Together, these data suggest that mRNA translational control may underlie a role for the fat body as an endocrine organ. A similar theme is emerging in mouse models. Mammalian adipose tissue is known to secrete adipokines and leptin to influence organismal metabolism and growth. The secretion of many of these factors is influenced by diet, suggesting a regulatory role for TOR signalling. Genetic inhibition of either TOR and S6K in mice leads to alterations in metabolic activity in adipose tissue. Moreover, loss of the translational repressors, 4E-BP1 and 4E-BP2, both of which are downstream TOR effectors, alters lipid and glucose metabolism in mice. To date, there are no mouse models of Pol III. However, it is interesting to speculate that changes in Pol III and tRNA synthesis are involved in mediating effects of TOR in adipose tissue in mice. Regulation of Pol III by TOR may also be important in the metabolic control of other processes. For example, TOR is a conserved regulator of organismal stress responses and lifespan. These stress responses rely on TOR's ability to control translation. It is suggested that regulation of Pol III and tRNA synthesis may also be a mode of control. Further organismal studies, using genetic modulation of Pol III function, should provide additional insights into these points (Marshall, 2012).

The TOR kinase is one of the best-established growth regulators. In virtually all animals, TOR activity can be stimulated by extracellular cues such as growth factors, nutrients and oxygen to control cell, tissue and organismal growth (Marshall, 2012).

Despite the knowledge of the signalling inputs to TOR, little is known about the mechanisms that allow TOR to modulate cell metabolism and drive growth.

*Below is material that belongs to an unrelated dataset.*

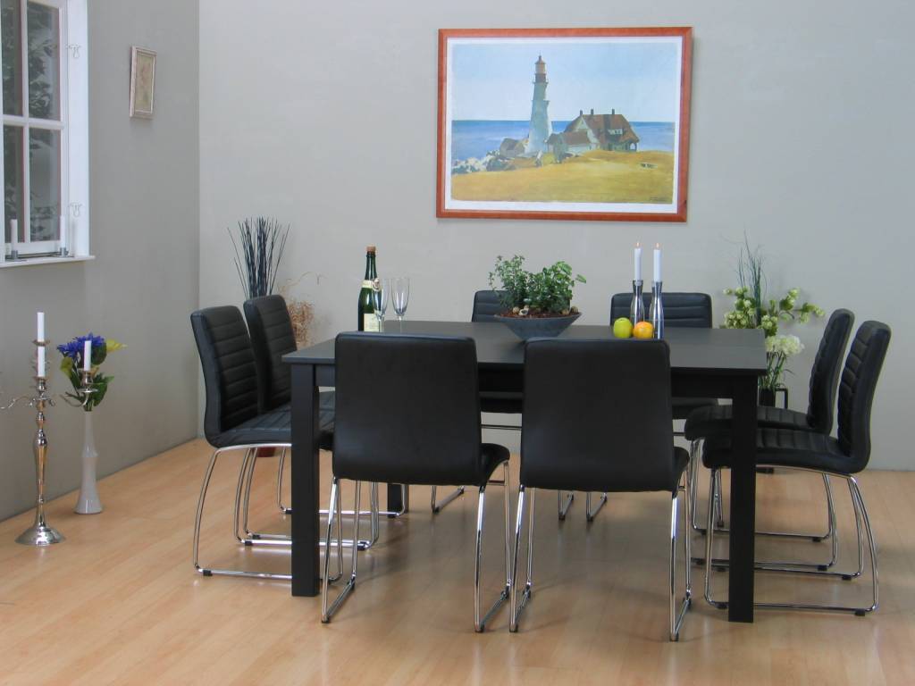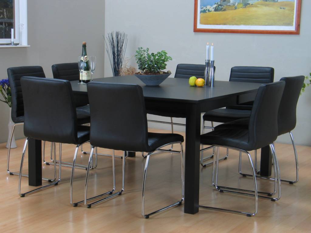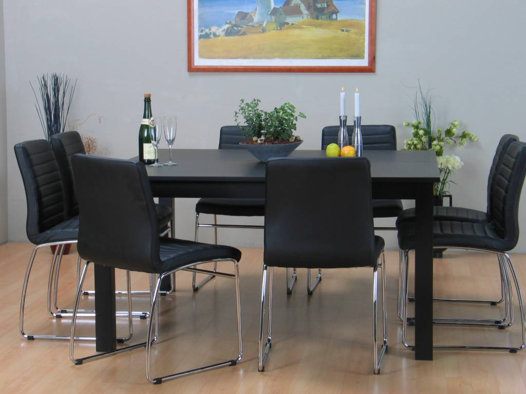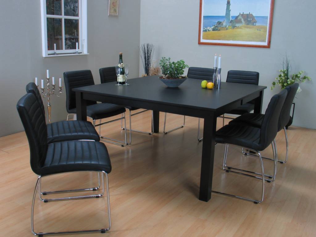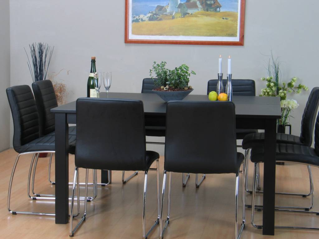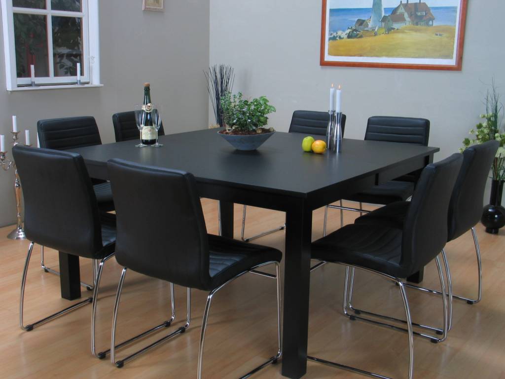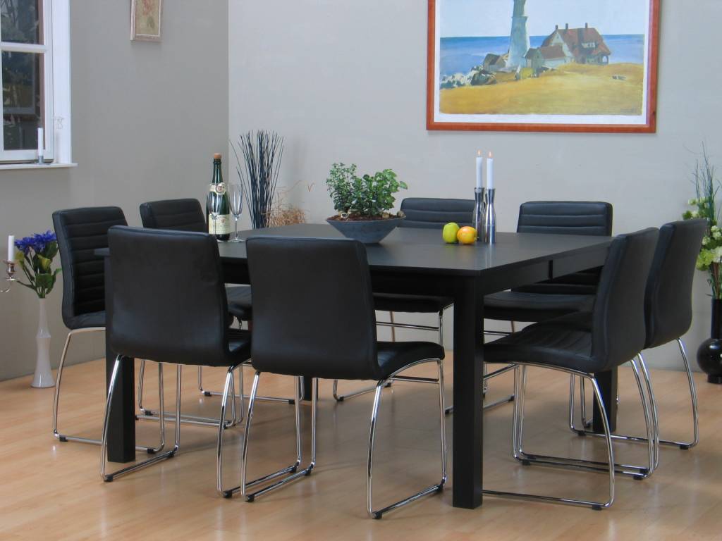 Vergaderset Denver, bestaande uit onze vierkante eettafel Sirius en 8 Denver-stoelen. Een mooie, ruime set voor in de woonkamer, keuken of als vergaderset op kantoor.

Most studies on metabolic functions modulated by TOR have been confined to yeast and mammalian cell culture. These studies have been important in defining roles for TOR in protein synthesis, nutrient uptake and metabolism and autophagy. But they leave open the question of what mechanisms operate in vivo to control tissue and organ growth during animal development. Genetic studies in Drosophila have been pivotal in this regard. This study shows that the ability of the TOR pathway to control transcription through Pol III governs cell, tissue and ultimately organismal growth in Drosophila. Given that Pol III drives transcription of several non-coding RNAs required for mRNA translation, it is suggested that the stimulation of Pol III by TOR enhances the protein synthetic capacity of cells. Previous study have shown that Drosophila TOR also controls synthesis of rRNA synthesis, via the RNA polymerase I factor, TIF-IA. Moreover, recent studies in Drosophila larvae demonstrated that the insulin/TOR pathway regulates the expression of ribosome biogenesis genes via the transcription factors FOXO and Myc. Thus, in Drosophila, tissue and organismal growth relies on the ability of TOR to regulate all three nuclear RNA polymerases to ultimately promote protein synthesis. Given that regulation of all three polymerases is a conserved function for TOR, it is suggested that these mechanisms may also underlie tissue and organ growth in mammalian development (Marshall, 2012).

The Pol III transcription factor Brf has been shown to be an essential component of the TFIIIB complex responsible for recruiting Pol III to gene promoters. This work indicates that Brf activity is required for Drosophila development. Patterning and cell fate specification appear normal in brf embryos. However, once these mutants hatch as larvae they fail to grow. The data suggest that this growth arrest phenotype reflects a role for Brf activity downstream of TOR. Brf was found to be cell-autonomously required for growth in both endoreplicating cells, which make up the bulk of larval mass, and the mitotically dividing cells of the imaginal discs. In particular, brf mutant wing disc cell clones were found to be outcompeted by wild-type neighbours. This cell competition phenotype is seen in mutants for other genes required for protein synthesis, such as the ribosomal proteins and Myc. An important finding was that the overgrowth caused by loss of TSC1 (and hence increased TOR activity) was blocked in brf mutant cells. In mammalian cells, Brf activity is induced by cues that promote cell growth (e.g., during hypertrophic growth of cardiac cells) whereas cell differentiation leads to inhibition of Brf. In fact, overexpression of Brf alone can promote proliferation and transformation in immortalized fibroblasts. Mutations in tumour suppressors such as TSC are common in cancer and lead to elevated TOR activity and promotion of tumour growth. Based on the current data, it is suggested that Brf is required in vivo for both normal tissue growth and TOR-induced tumour growth (Marshall, 2012).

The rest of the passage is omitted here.